The Earl of Berwick offered no comment when she paused.
“My mother and father married before the end of that Season,” she said. “Mama always spoke of their whirlwind courtship as a great love story. I did not believe any of the gossip that was soon in full flight last year. I still do not. I tried to brazen it out, just as I had five years before. But at a picnic I attended with my aunt, I had the misfortune of coming face to face with Lord— I came face to face with my former beau and greeted him by name. He raised his quizzing glass to his eye, looked pointedly through it at my hair, made me a slight and distant bow, and walked away, making sure I heard the remark he made to the gentleman who was with him. The word bastard was part of it. I went home the next day.”
She had been standing too long in the same position, she realized. There was a buzzing in her ears, a coldness about her head and in her nostrils, and she feared she was close to fainting. She drew breath, shook her head, looked about, dug her fingers into her palms, and willed herself not to do anything so utterly humiliating.

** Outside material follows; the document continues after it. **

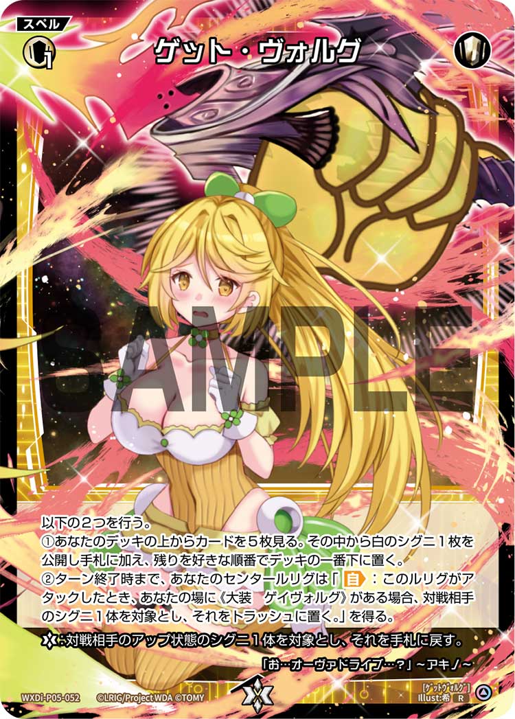 ②ターン終了時まで、あなたのセンタールリグは「【自】:このルリグがアタックしたとき、あなたの場に《大装 ゲイヴォルグ》がある場合、対戦相手のシグニ1体を対象とし、それをトラッシュに置く。」を得る。

“And you confronted your father?” Lord Berwick asked.
“No,” she admitted. “I told him a few weeks in London had been enough, that I had been bored and homesick. The gossip followed me eventually, however. Some people who were staying with our neighbors over Christmas recognized me at a local assembly, and the story spread like wildfire until it reached Papa’s ears. He was incensed. He . . . made a scene. He was stopped only just in time from challenging one of the visitors to a duel. We went home early, and then I asked him. He would not give me a direct answer. He told me he had loved my mother from the time he first set eyes upon her and that she had loved him. He told me he had always loved me, before my birth and every day after. I was his firstborn, his beloved elder daughter, he said. He told me there were some redheads among his ancestors. But he was vague about exactly when he had married Mama—I did not know the date, I realized—and I did not press the point or make any attempt to find out another way. I was born the February after that Season. I do not believe the gossip. But you ought to be aware of it, I suppose. If you are considering my proposed bargain, that is. Which I do not suppose you are.”